Then of course there was the low-adventure shot, climbing the walls of Fort McClary
in Portsmouth Harbor. That's illegal, though it might not have been back when these
photos were taken.
Is this Zeke's business as good as rapping through a tangle of wet saplings to scarify the rock and bombs-away adjust the rope to the height of the outcrop?
Oh it's much better. Much better. The saplings are bigger and wetter, there are more of them, and they're much harder to get to, the scarification is on a whole new level, the bombs are bigger, and they fall from much greater heights.
A good thread that could only improve if it included on-topic post-traverse shots of The Trawler Pub. They used to open a keg a day of their most popular ale, and it was usually gone by 5.
I love climbing on sea-cliffs. One of several joys is the contrast between the light-hearted holiday atmosphere of many of the locations and the adventure to be had close by. The approach to Moonraker is a fine example. One moment you're in a car park in south Devon with tourists licking ice-cream, a couple of minutes later you're blindly down-soloing vertical 5.4, 90' above the water. Assuming you've got the tide times correct and the swell is minimal, you traverse horizontally just above the waterline for a few hundred feet around the back of a large, black, dripping sea-cave. It's all very atmospheric.
Moonraker is in 'Hard Rock' a Brit. equivalent of 50 classic climbs, so it’s not a surprise to find another team on the route. The first pitch diagonals up to the crack-line, climbs this for a way, before heading back left again following an archetypal line of least resistance.
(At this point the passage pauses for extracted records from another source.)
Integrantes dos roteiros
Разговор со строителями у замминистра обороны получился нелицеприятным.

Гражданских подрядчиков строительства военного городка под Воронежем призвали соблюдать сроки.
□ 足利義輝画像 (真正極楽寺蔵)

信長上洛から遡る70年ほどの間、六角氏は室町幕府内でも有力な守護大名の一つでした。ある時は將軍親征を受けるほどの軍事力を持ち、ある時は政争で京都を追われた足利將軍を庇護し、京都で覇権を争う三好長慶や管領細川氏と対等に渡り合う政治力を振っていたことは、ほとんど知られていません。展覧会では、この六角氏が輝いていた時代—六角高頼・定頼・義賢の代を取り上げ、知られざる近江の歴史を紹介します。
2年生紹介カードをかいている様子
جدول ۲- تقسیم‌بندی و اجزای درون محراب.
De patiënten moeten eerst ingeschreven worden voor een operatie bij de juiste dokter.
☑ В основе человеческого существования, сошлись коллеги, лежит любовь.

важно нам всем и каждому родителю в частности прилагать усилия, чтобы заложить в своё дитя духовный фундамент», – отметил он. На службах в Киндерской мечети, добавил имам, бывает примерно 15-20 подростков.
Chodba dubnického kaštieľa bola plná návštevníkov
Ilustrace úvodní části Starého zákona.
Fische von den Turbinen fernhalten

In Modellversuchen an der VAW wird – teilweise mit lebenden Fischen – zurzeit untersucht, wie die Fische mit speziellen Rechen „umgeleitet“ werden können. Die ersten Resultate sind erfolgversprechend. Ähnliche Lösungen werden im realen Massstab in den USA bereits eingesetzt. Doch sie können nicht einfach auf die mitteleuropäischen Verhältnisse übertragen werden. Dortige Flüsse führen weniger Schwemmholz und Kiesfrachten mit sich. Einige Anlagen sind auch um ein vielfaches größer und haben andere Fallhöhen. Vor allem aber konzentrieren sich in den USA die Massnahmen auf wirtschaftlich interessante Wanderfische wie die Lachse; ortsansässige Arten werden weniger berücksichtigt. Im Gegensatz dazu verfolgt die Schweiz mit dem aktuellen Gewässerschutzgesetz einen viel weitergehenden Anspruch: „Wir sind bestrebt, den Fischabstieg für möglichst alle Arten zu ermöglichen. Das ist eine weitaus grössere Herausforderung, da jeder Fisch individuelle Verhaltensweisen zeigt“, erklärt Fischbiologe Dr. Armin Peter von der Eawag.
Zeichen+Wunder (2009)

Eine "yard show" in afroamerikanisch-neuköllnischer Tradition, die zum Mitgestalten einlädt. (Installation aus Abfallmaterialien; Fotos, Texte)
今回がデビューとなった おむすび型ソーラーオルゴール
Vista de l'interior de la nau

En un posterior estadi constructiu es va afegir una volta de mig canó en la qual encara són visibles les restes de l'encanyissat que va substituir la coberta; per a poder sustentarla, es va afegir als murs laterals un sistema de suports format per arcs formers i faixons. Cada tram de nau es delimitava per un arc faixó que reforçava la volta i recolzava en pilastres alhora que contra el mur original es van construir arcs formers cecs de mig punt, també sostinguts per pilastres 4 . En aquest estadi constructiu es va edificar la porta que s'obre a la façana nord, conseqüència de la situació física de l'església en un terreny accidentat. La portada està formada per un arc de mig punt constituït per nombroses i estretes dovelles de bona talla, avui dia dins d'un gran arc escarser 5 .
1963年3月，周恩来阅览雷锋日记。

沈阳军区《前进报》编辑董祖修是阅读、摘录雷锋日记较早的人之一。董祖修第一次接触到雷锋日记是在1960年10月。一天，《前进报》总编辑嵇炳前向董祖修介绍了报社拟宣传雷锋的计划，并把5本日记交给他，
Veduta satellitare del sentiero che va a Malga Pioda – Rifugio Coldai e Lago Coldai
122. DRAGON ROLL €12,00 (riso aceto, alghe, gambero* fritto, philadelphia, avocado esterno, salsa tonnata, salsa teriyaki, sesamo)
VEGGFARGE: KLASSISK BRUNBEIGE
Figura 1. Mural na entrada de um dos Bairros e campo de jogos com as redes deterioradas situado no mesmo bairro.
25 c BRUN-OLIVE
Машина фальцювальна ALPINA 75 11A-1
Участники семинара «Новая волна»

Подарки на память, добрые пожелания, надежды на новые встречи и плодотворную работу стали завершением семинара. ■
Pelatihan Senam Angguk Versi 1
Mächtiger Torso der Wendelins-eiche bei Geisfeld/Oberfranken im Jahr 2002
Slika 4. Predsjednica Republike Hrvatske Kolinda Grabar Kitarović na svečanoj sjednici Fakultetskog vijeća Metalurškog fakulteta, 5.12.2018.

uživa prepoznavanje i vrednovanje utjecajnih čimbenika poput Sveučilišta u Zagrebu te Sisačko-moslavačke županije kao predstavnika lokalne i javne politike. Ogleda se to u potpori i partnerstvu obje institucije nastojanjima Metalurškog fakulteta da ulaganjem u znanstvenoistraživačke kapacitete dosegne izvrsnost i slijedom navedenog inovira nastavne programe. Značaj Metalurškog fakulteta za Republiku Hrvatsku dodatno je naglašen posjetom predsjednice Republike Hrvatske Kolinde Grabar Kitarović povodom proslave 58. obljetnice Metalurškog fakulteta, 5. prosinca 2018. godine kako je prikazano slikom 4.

The rock is limestone, it looks a little weird but is pretty solid. The cave has a bunch of hard-ish climbs that weave through the overhangs and a classic 5.10+ that starts up Moonraker, traverses right on the flutings just above the lip, before heading on up. The gentleman in the photos has written a great tale about his ascent of this route here.
The climbing is 5.8 for a few moves, mostly easier, but is steep and feels committing: it's the easiest way out and if you can't get up the route it might be an eight hour wait for the tide to go back down, hoping the sea stays calm, or you could swim…
You step blind round a corner of sheer rock and move carefully down into the vast, dank mouth of the cave. It seems as big as a cathedral: a black, thundering dome, like a lunatic's skull, water boiling along its floor, birds flitting in the dark air.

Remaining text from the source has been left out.